Cortes nas universidades levam 3 mil estudantes às ruas em São Paulo

A manifestação fez parte de uma série de atividades marcadas em parceria com a SBPC em diversas partes do Brasil. Os bloqueios anunciados pelo MEC somam R$ 7,3 bilhões, num universo que atinge da educação básica à pós-graduação

Uma manifestação contra o corte de 30% da verba de todas as universidades federais reuniu cerca de três mil estudantes de várias universidades na avenida Paulista, em São Paulo, no final da tarde desta quarta-feira (8). Aos gritos, como por exemplo, “Que contradição.

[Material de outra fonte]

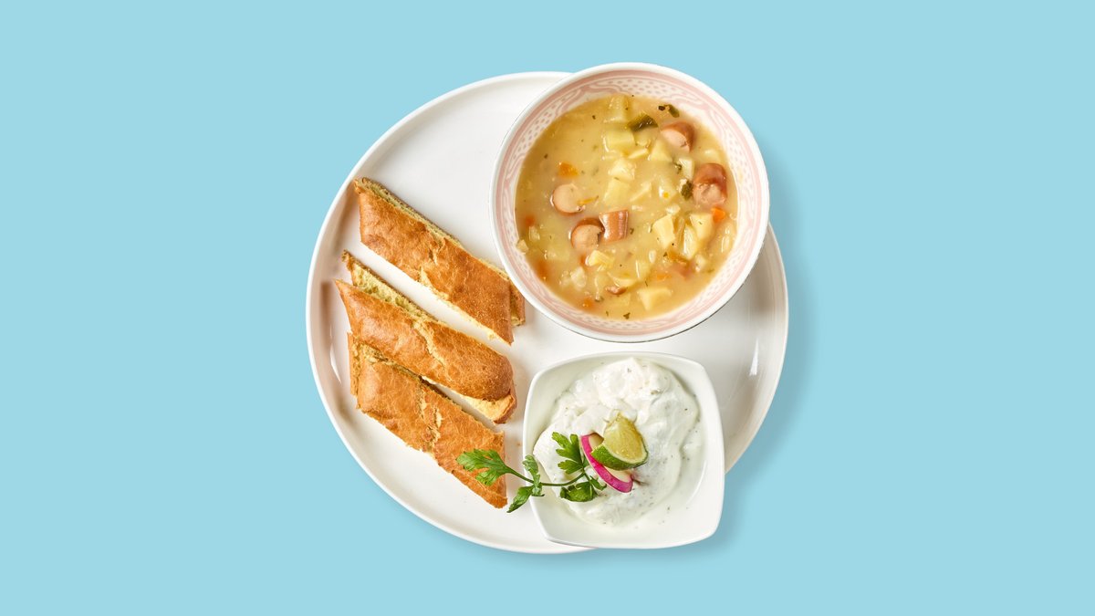 mild-pikanter Eintopf mit Kartoffeln, Paprika, Zwiebeln, Brot und Würtschen vom Rind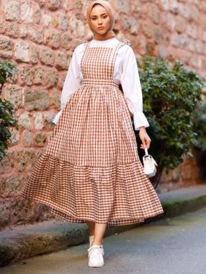 Meqlife Kahverengi Camel Pötikare Jile Elbise

Tem dinheiro para banqueiro, mas não para a educação”, os alunos se concentraram em frente ao Masp e depois seguiram em passeata sentido rua da Consolação, até o escritório da Presidência da República.

O contingenciamento de 42%, para 2019, nos recursos de investimentos do Ministério da Ciência, Tecnologia, Inovações e Comunicações (MCTIC) e de 21% no Ministério da Educação (MEC) agravaram a situação das universidades, mas o corte linear de 30% do orçamento das universidades anunciada pelo ministro da Educação, Abraham Weintraub, ameaça paralisar as instituições em todo o País.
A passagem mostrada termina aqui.